- _Try it_:
Although the entries contain pictures, only their text goes into the copy, set down exactly.

- _Given data_:
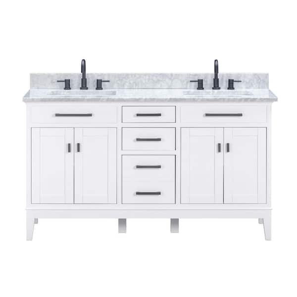 Madison 61 in. Double Sink White Bath Vanity with Carrara White Marble Top
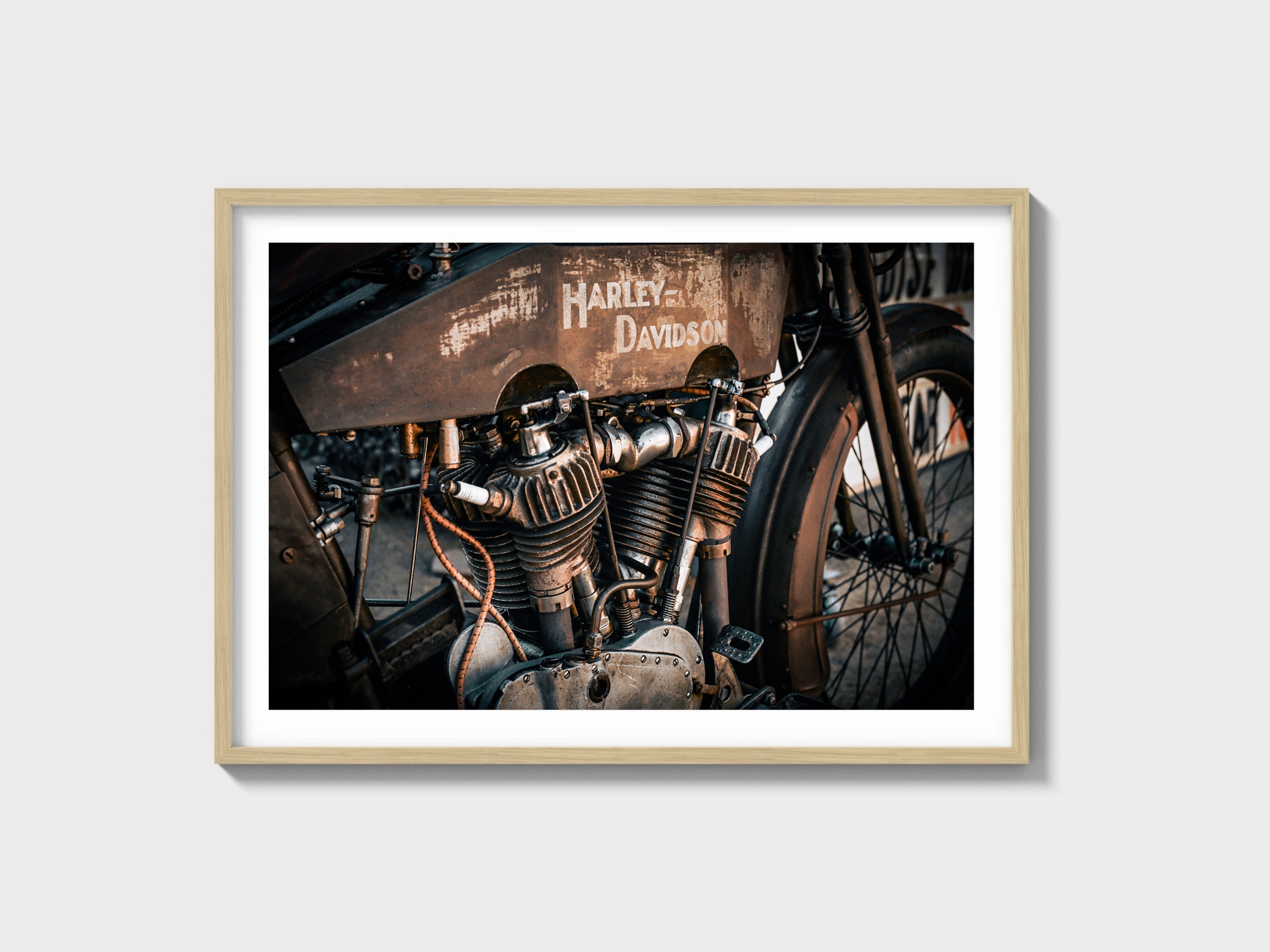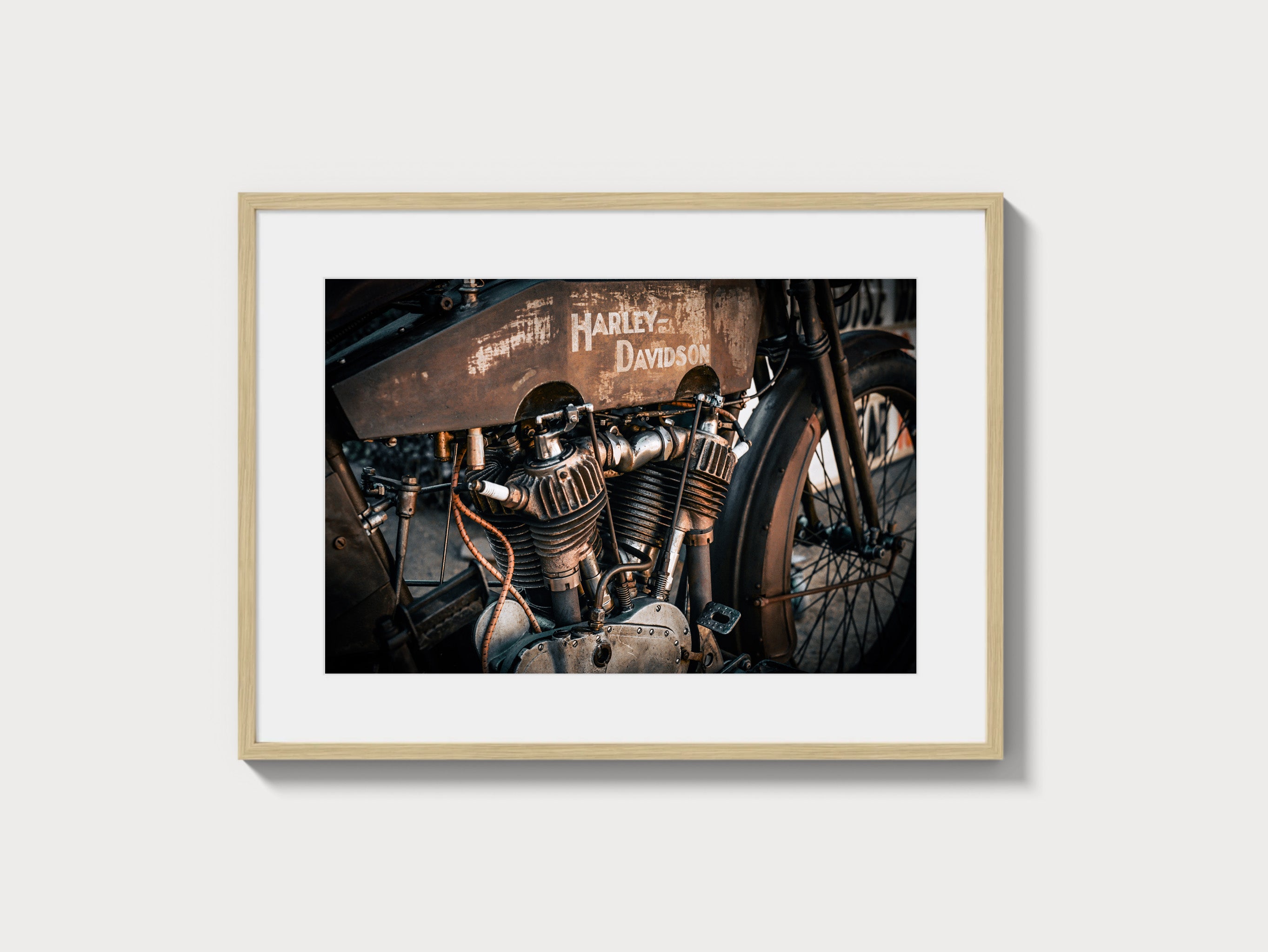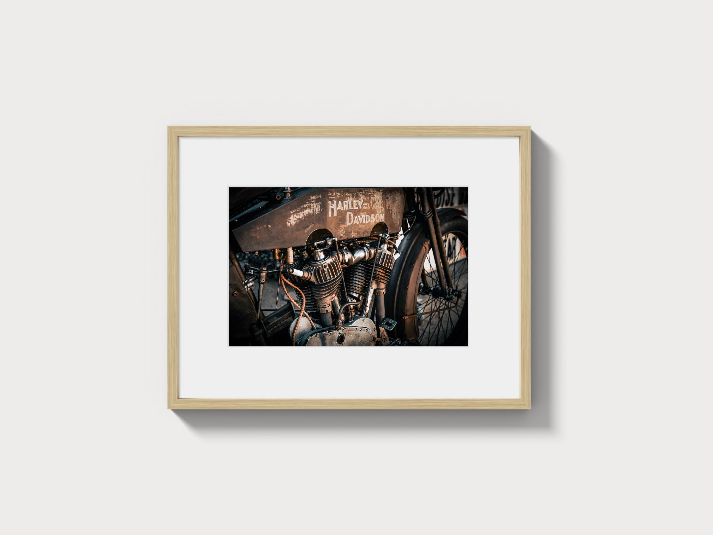 Our Harley Davidson wall art is printed on 300gsm archival fine art paper and framed by hand in Los Angeles. Gallery-quality automotive photography featuring Harley Davidson motorcycles. Archival inks, hardwood frames, timeless design, ready-to-hang framed Harley Davidson photography for collectors and enthusiasts.
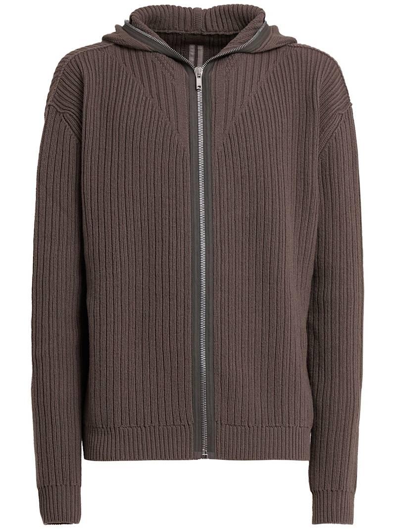 拉链开合羊毛连帽卫衣 - 沙尘色 - 男士 - Rick Owens - 不可拆卸的风帽.
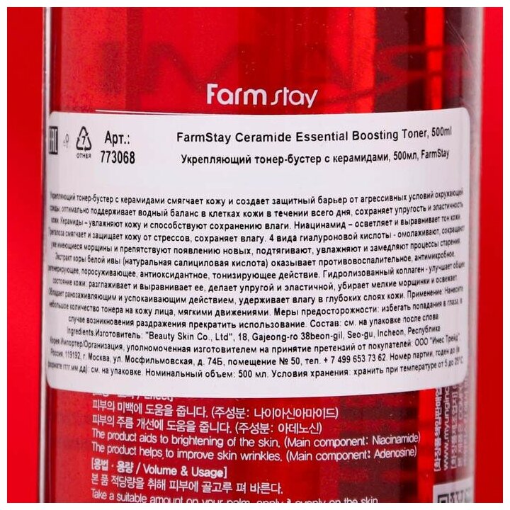 FarmStay Укрепляющий тонер-бустер для лица с керамидами Ceramide Essential Boosting Toner 500мл информация:
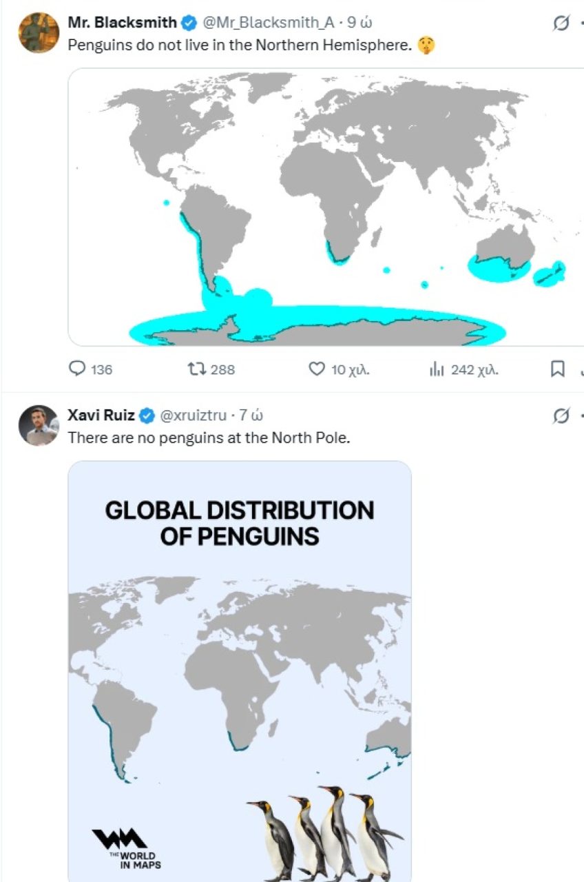 Οι αντιδράσεις γρήγορα πλημμύρισαν το X, με πολλούς χρήστες να επισημαίνουν το γεωγραφικό λάθος της εμφάνισης του πιγκουίνου στη Γροιλανδία.
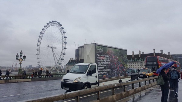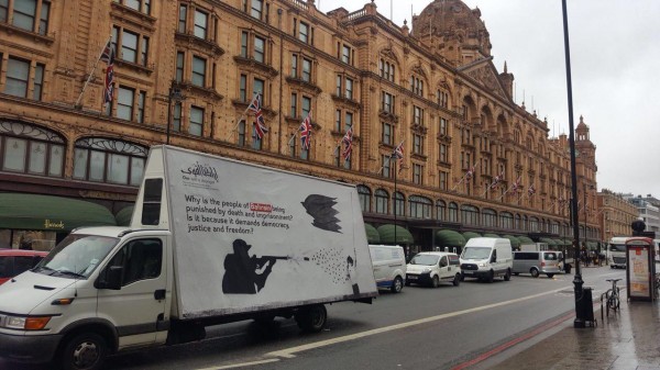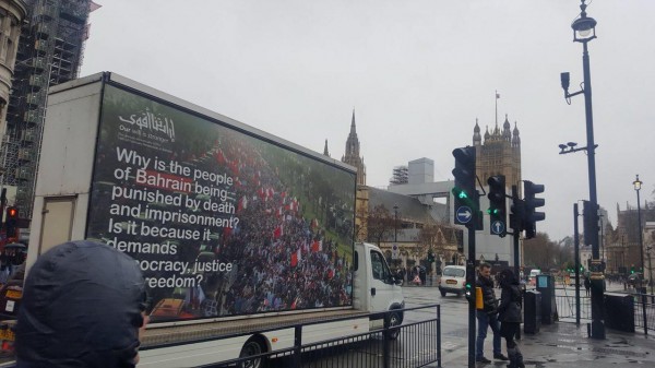 في الذكرى السابعة للثورة… سيارات دعائية تجوب شوارع لندن مع صور عن الاحتجاجات في البحرين

- _Written answer_:
 Madison 61 in. Double Sink White Bath Vanity with Carrara White Marble Top
 Our Harley Davidson wall art is printed on 300gsm archival fine art paper and framed by hand in Los Angeles. Gallery-quality automotive photography featuring Harley Davidson motorcycles. Archival inks, hardwood frames, timeless design, ready-to-hang framed Harley Davidson photography for collectors and enthusiasts.
 拉链开合羊毛连帽卫衣 - 沙尘色 - 男士 - Rick Owens - 不可拆卸的风帽.
 FarmStay Укрепляющий тонер-бустер для лица с керамидами Ceramide Essential Boosting Toner 500мл информация:
 Οι αντιδράσεις γρήγορα πλημμύρισαν το X, με πολλούς χρήστες να επισημαίνουν το γεωγραφικό λάθος της εμφάνισης του πιγκουίνου στη Γροιλανδία.
 في الذكرى السابعة للثورة… سيارات دعائية تجوب شوارع لندن مع صور عن الاحتجاجات في البحرين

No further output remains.